By Shawn D. Lewis / The Detroit News
"They've arrested the wrong woman now," E.D. Nixon said the night of Rosa Parks' arrest.
It was about 10 p.m., and the Montgomery, Ala., NAACP president was speaking on the phone to Johnnie R. Carr, a friend of Parks' since the fifth grade. Carr was active, along with Parks, in Montgomery's National Association for the Advancement of Colored People and remains an active civil rights advocate today. She was involved in the 381-day bus boycott following Parks' arrest.
"When I heard it was Rosa who had been arrested, I just couldn't believe it," Carr, now 94, said from her home in Montgomery. "Rather than be bothered, I thought she would just get up out of her seat. But she felt she had been pushed around long enough and wasn't going to be pushed around any longer."
The community was notified soon after Parks' arrest.
"The next day, I began to spread the word at my job," Carr said.
Carr worked as a saleswoman and staff manager at the Atlanta Life Insurance Co., a black-owned company that had a branch in Montgomery. "We were asking everybody to stay off the buses that Monday in protest of Mrs. Parks' arrest," Carr said.

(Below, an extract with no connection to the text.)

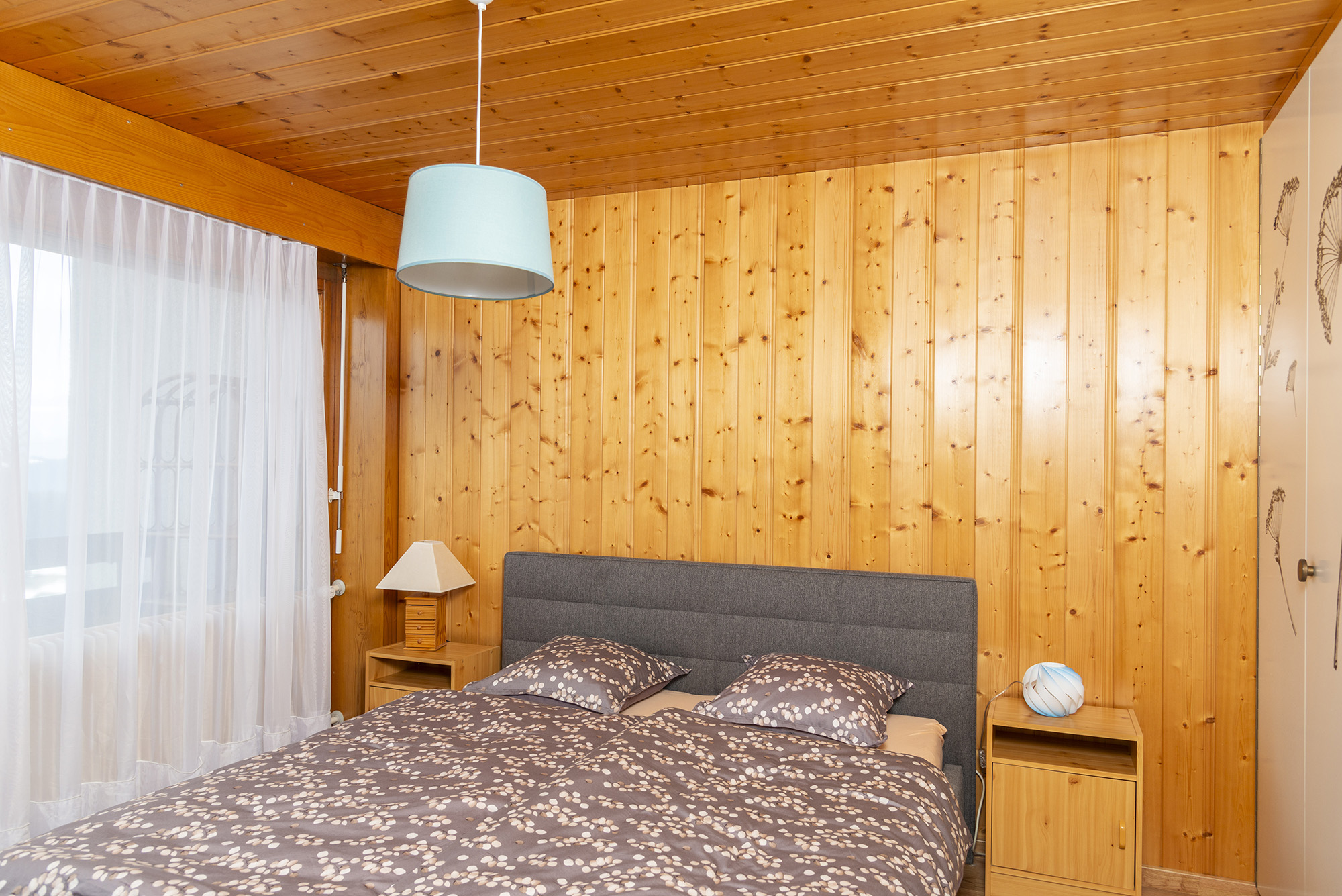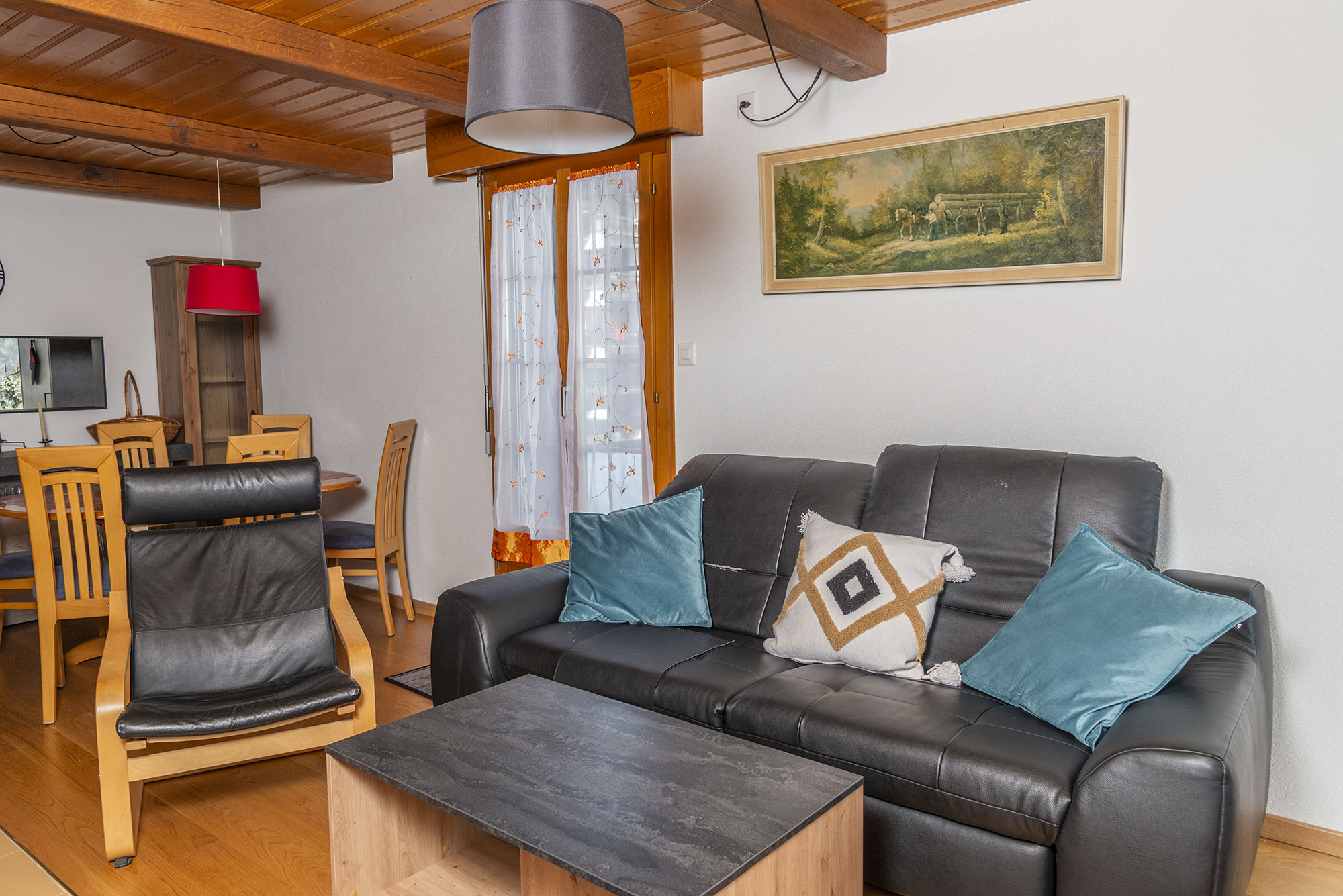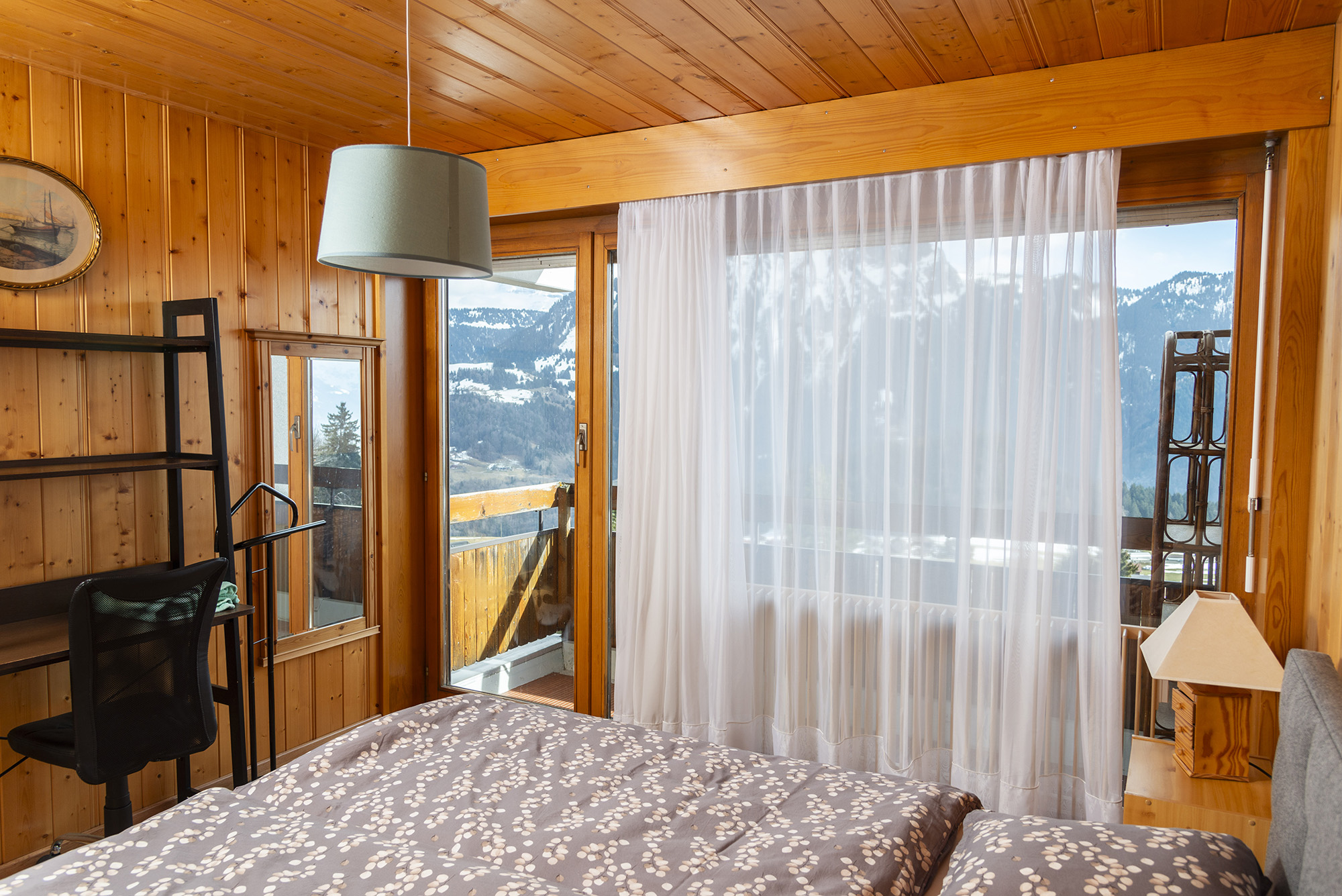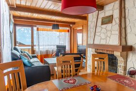3,5-Zimmer-Penthouse-Wohnung, 70m2, 4. Stock mit Aufzug, für 4 Personen. Es besteht aus einem Wohnzimmer - Essecke, Kamin, Wifi, TV. Die Küche verfügt über einen Herd mit Cerankochfeld, Backofen, Geschirrspüler, Wasserkocher, Fondue-Set und Raclette-Set. Es gibt ein Schlafzimmer mit einem Doppelbett (2x90x200), ein Schlafzimmer mit einem Doppelbett (clic-clac 140x200) und ein Bett (90x190). Die Wohnung profitiert auch von 3 Balkonen.

Carr and others provided transportation throughout the boycott. Some workers drove to work in car pools or rode horses and mules. Many walked.

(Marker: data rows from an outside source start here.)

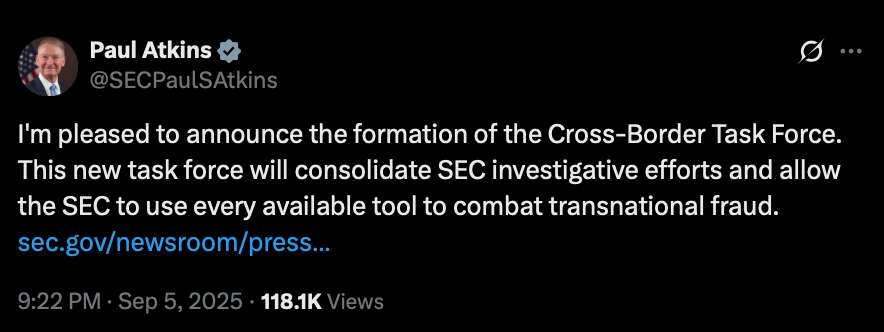 در مراحل اولیه، این کارگروه به بررسی موارد دستکاری بازار مرتبط با شرکتهایی خواهد پرداخت که عمدتاً در حوزههای قضایی مانند چین فعالیت میکنند؛ در این فضا، اجرای قوانین حمایتی از سرمایهگذاران با چالشهای بیشتری همراه است. پل اس. اتکینز (Paul S. Atkins) – رئیس SEC – با تأکید بر اهمیت این اقدام اعلام کرد: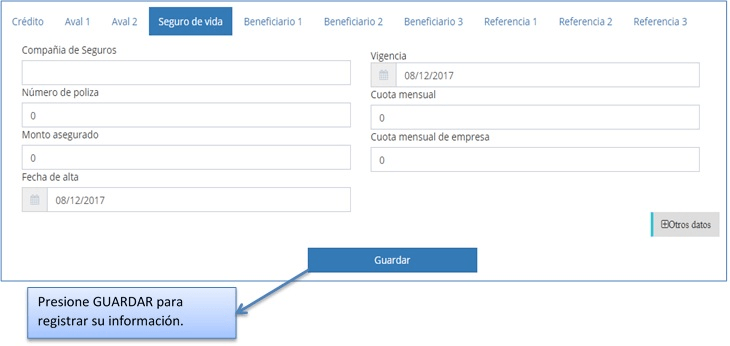 A continuación se muestra la pantalla donde se podrán ingresar los datos del seguro de vida. Esta información no es obligatoria.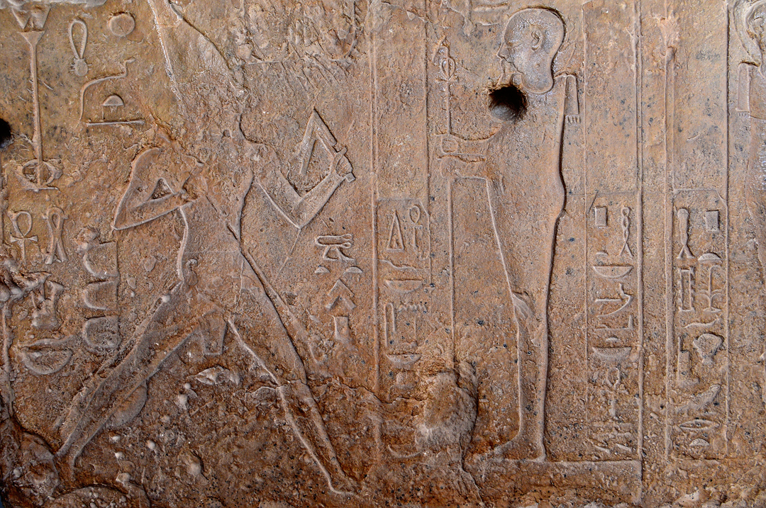 이 석상에서 매우 흥미로운 것은 석상의 어깨에 새겨져 있는 카르투시로, 놀랍게도 람세스 2세의 석상에 람세스

"We had all suffered so much injustice and humiliation that everyone was ready to do whatever they could to help," Carr said.
During the boycott, after five or six attempts to recruit big-name preachers around Montgomery to spearhead the protest, the group found a leader in an obscure minister at Dexter Avenue Baptist Church: the Rev. Martin Luther King Jr. King became president of the Montgomery Improvement Association.

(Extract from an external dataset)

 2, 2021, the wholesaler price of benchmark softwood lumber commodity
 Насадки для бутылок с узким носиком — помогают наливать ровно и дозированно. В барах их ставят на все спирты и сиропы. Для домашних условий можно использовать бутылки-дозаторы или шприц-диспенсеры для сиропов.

In her autobiography, "Rosa Parks: My Story," Parks wrote: "The advantage of having Dr. King as president was that he was so new to Montgomery and to civil rights work that he hadn't been there long enough to make any strong friends or enemies. Mr. Nixon thought he was a good choice."
As the boycott continued, some in the white community responded with terrorism and harassment. Car pool drivers were arrested for picking up hitchhikers. Blacks waiting on street corners for a ride were arrested for loitering.
Bombs were set off in early 1956 at King's home, at Nixon's house and at the residence of the Rev. Robert Graetz, the white pastor of an all-black Lutheran congregation.
Parks' misdemeanor conviction was upheld on appeal, but a lawsuit challenging the constitutionality of the segregation law was filed in February 1956 by the Montgomery Improvement Association.
On Nov. 13, 1956, the U.S. Supreme Court declared Montgomery's segregated seating law unconstitutional. The boycott continued until Dec. 20.